La Única y nos vamos.

No hay nada peor para un fan de hueso colorado esperar el regreso de su banda favorita y que sea en un festival y además como único show del año. Tras anunciarse el cartel oficial del Vive Latino, Zoé aparecía como headliner, entonces comenzaron las especulaciones de una posible gira, pero su líder ya aclaró el cotilleo argumentando que el regreso será único y exclusivo para dicho evento, que al concluirse cada integrante volvería a retomar sus proyectos personales. Aun así, ¿gracias Vive Latino?

Habrá a quienes les parezca una brillante idea ver a Zoé entre tantas bandas donde sabrán de antemano que no solo habrá Rocanlover sino Monlover, Strangers, Aterciopelados, cuartetos, divisiones y haraganes. Tendrán que mentalizarse la jornada de espera, tal vez aprovechen el tiempo para ver más bandas o prefieran plantarse por horas frente al escenario y comerse cinco o seis actos previos (algo bueno se pesca siempre en los grandes escenarios).
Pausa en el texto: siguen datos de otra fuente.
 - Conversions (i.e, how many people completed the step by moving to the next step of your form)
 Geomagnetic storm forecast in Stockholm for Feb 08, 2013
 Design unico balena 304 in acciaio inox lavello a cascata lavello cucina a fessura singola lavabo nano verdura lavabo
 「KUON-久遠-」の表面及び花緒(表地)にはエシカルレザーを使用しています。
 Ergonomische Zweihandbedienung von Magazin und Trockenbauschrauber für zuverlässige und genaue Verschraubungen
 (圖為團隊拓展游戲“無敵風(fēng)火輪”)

Porque al tratarse de una bigger band como Zoé no esperaran que salga a inaugurar el día y tampoco los veremos despedir al sol del domingo. Ya sabemos de qué se trata.

Por eso hay quienes los prefieren solitos, lejos de una multitud multiplicada para ver a León envuelto en su naturaleza reservada, cómplice de mil historias que no conoce, a su lado Ángel Mosqueda in bass; Sergio guiando la guitarra, Báez cristalizando la atmosfera de color psicodelia, Guardiola dando lo mejor en la bataka. Ellos solitos en un Auditorio o en un Palacio. Ellos solitos ofreciendo un setlist más extenso que abarque y que apriete sus siete álbumes de estudio, que complazca al gigante de los sold out entregándose en cuerpo y alma en un intercambio de emociones y fluidos con la ruleta en marcha y a golpe de suerte continua.
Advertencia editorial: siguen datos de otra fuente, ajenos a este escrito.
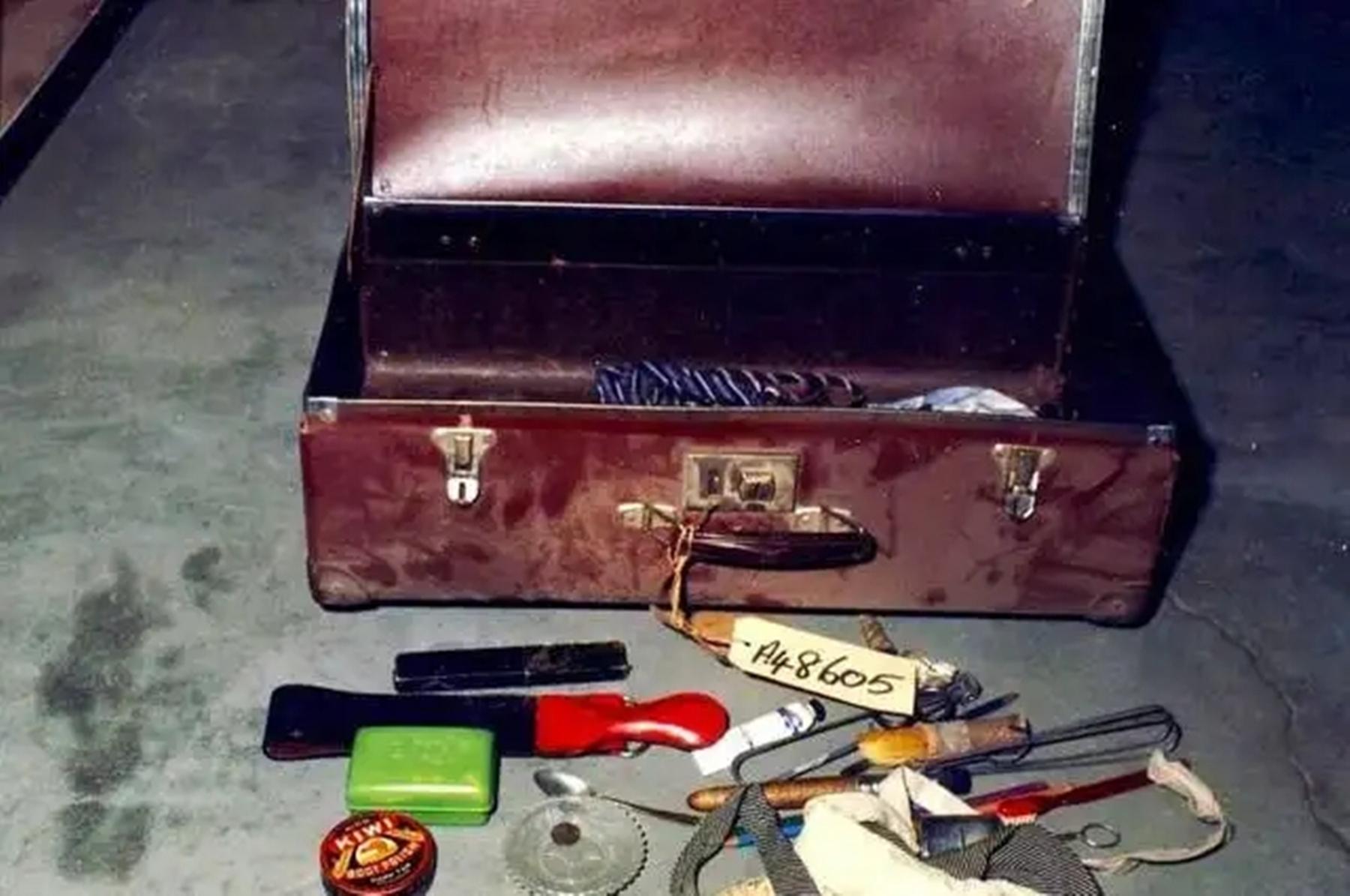 箱子上的标签已经被人取走,里面的衣物和刀子等一些工具都完整地放在箱子里。
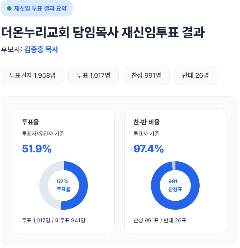 ♥신임투표 교회 정관 제 10조 3항 2~6호(목사 청빙 및 신임 관련 규정)에 따라, 김종홍 목사 신임투표를 진행합니다.
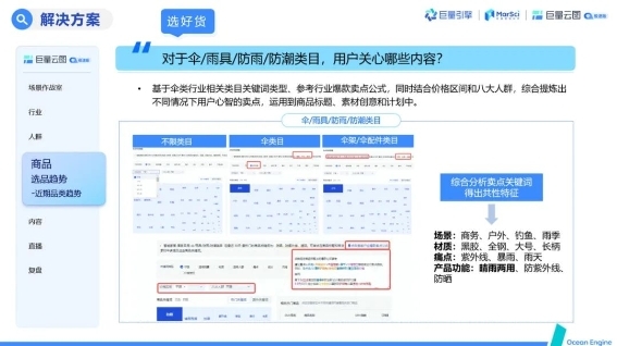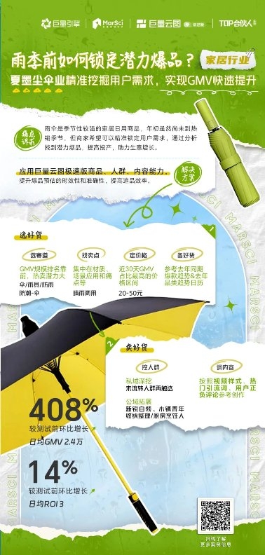 作為家居百貨行業(yè)代表,雨傘品類季節(jié)性更強(qiáng),上述問題也更為凸顯,年初雖然尚未到雨季熱銷節(jié)點(diǎn),但工廠希望可以精準(zhǔn)鎖定用戶需求,提前儲(chǔ)備新的爆品,未雨綢繆。如何準(zhǔn)確選出潛力爆品,并篩選精準(zhǔn)人群提高投產(chǎn),助力生意增長(zhǎng)?
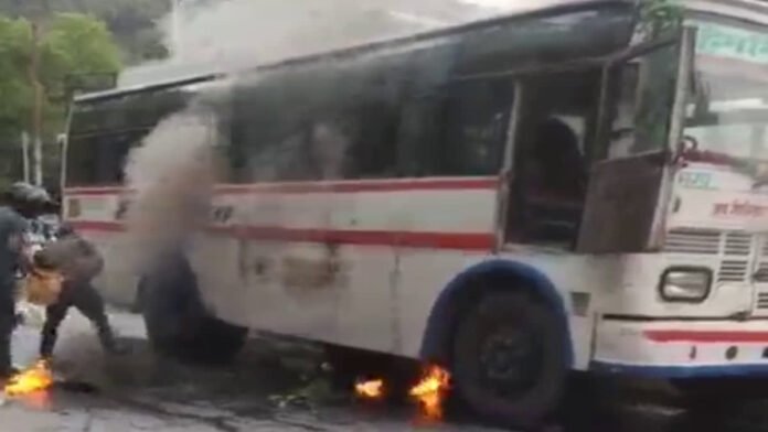 रुद्रप्रयाग में बारातियों से भरी बस में लगी आग: श्रीनगर से बारातियों को लेकर रुद्रप्रयाग की ओर आ रही हिमगिरी एक्सप्रेस बस में बदरीनाथ हाईवे पर खांखरा के पास अचानक से आग लग गई. आग की लपटें इतनी तेजी के साथ उठी कि सवारियों में अफरा-तफरी मच गई. इसके बाद चालक ने किसी तरह वाहन को रोका, फिर सवारियों को नीचे उतारा और स्थानीय ग्रामीणों की मदद से आग पर काबू पाया.

Ya que Zoé no es netamente rock and roll, es casi seguro que cierren el festivalote como una velada para románticos iconoclastas, místicos al servicio de viajes de ida y vuelta. Esperemos que la cordura no se quebrante antes de tiempo o en el peor de los casos sean los ánimos que se diluyan al quedar empalmados los horarios (puede pasar) con Rüfüs o Keane. Así como sucedió en el Machaca 2019 donde la raza se dividió con veinte minutos de diferencia entre Zoé y Jaguares que se reunían por igual para ofrecer el show único después de diez años. El único y chao.
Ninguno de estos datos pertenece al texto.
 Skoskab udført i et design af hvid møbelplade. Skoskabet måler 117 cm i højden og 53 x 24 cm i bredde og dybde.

Sin dramatizar la situación ni hacer alarde de nada más, Zoé dará en el clavo con toda la magia que posee, además se trata del veinticinco aniversario del Vive, algo especial tenía que suceder, y pensar que el último show de Sepultura en el país sería allí. Pura convivencia, chela quemada y dolores soportables, a quejarse por otra parte que el Estadio GNP Seguros estará de fiesta el 15 y 16 de marzo con la singular presentación de Zoé a poco más de dos años sin dar conciertos. Vive Latino lo ha hecho pues tampoco sabemos cuándo volverán a los escenarios, y aún te preguntas ¿vale la pena ir? Por supuesto que lo vale, así como cada centavo y cada gota de sudor le valieron para estar allí… el único y nos vamos.

David D.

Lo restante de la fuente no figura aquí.